A nova casa é boa em vários aspectos. Originalmente projetado para ser um hotel, o prédio tem apartamentos com sala, quarto, cozinha e banheiro. Além da planta favorável, a organização dos moradores permite tranquilidade total. A disciplina é rígida e quem transgride alguma regra é punido. A ligação de água do prédio foi legalizada – a conta vem em nome do Incra, mas são os ocupantes que pagam. A entrada de saída de pessoas é controlada pelos próprios moradores, que dedicam, cada um, 20 horas por mês à portaria, em turnos de 2 horas. Qualquer problema que aconteça é discutido em reuniões, inclusive as punições para quem desobedece as normas. Não há uso ou tráfico de drogas nas dependências do prédio. Com isso, não só os pertences dos moradores, mas também a segurança das muitas crianças e idosos – alguns sem família – está garantida. Os moradores se reuniram numa associação legalmente constituída, da qual Maria é a presidente.



Com esta experiência, Maria dos Camelôs está virando também uma referência para os sem-teto. Ela é convocada – e atende, sempre – toda vez que um grupo precisa de ajuda para uma nova ocupação ou quando famílias são despejadas de um prédio ocupado. Foi assim com as famílias que estão há pouco mais de uma semana acampadas em frente à Gerencia Regional do INSS, na rua Pedro Lessa, Centro do Rio. O grupo ocupava um edifício na Av. Gomes Freire, região da Lapa, que pegou fogo e foi condenado. Depois de passarem 30 dias sob a marquise do prédio – período em que uma das mulheres deu a luz a uma criança – os sem-teto ocuparam um outro prédio, na Rua Mem de Sá, pertencente ao INSS. A desocupação foi violenta, e só não houve feridos porque havia defensores públicos, políticos, ativistas de direitos humanos e até imprensa. Despejados, os moradores foram para a marquise do prédio administrativo do Instituto, e aguardam que seja pago o Aluguel Social definido em liminar obtida pela Defensoria Pública, que tem prestado assistência ao movimento.



Sem deixar de sonhar

Figura conhecida dos guardas municipais, Maria não pode mais trabalhar como camelô. Ela continua comprando peças no Saara e confeccionando suas bijouterias, mas não tem como montar sua banca. “Se eu aparecer na rua, tomam minha mercadoria,” explica. Hoje, ela entrega o material a duas mulheres, que vendem porta a porta, mas sua renda ainda vem deste artesanato. Com toda a dificuldade, sustenta a filha de 18 anos, um filho de 14 e o caçula, de 6. A mais velha já trabalha, e todos estudam, sempre nas séries indicadas para suas idades. Quando tem que se ausentar por alguns dias, Maria tem tranquilidade para deixar os filhos na Chiquinha Gonzaga, já que os moradores estão sempre atentos às crianças e jovens dos vizinhos.

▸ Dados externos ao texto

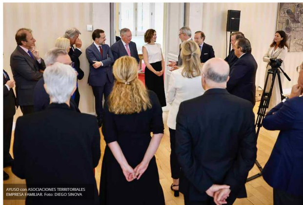
AYUSO con ASOCIACIONES TERRITORIALES EMPRESA FAMILIAR.

This ad will be displayed inside vertical meta bar on single post templates
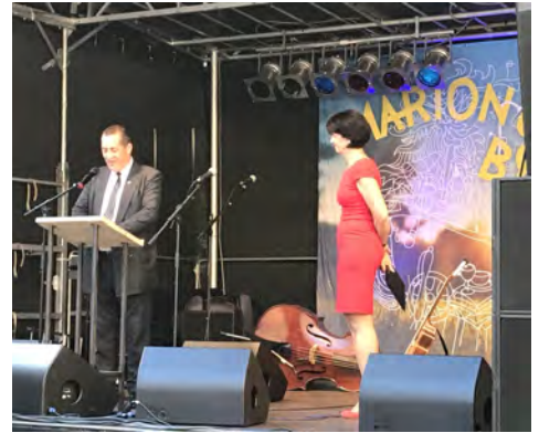
Fellbach 14 juillet 2023

Atarefada, Maria está sempre às voltas com prisões de camelôs, ocupações e atividades políticas, mas não deixa de fazer planos para o futuro. Ela quer ir a Cuba para tratar do vitiligo, doença de fundo psicológico que é muito estudada na ilha, e sonha cursar a faculdade de Direito. “Primeiro, eu preciso fazer o segundo grau, só que nunca consigo ir à aula! Mas eu vou conseguir,” afirma, determinada.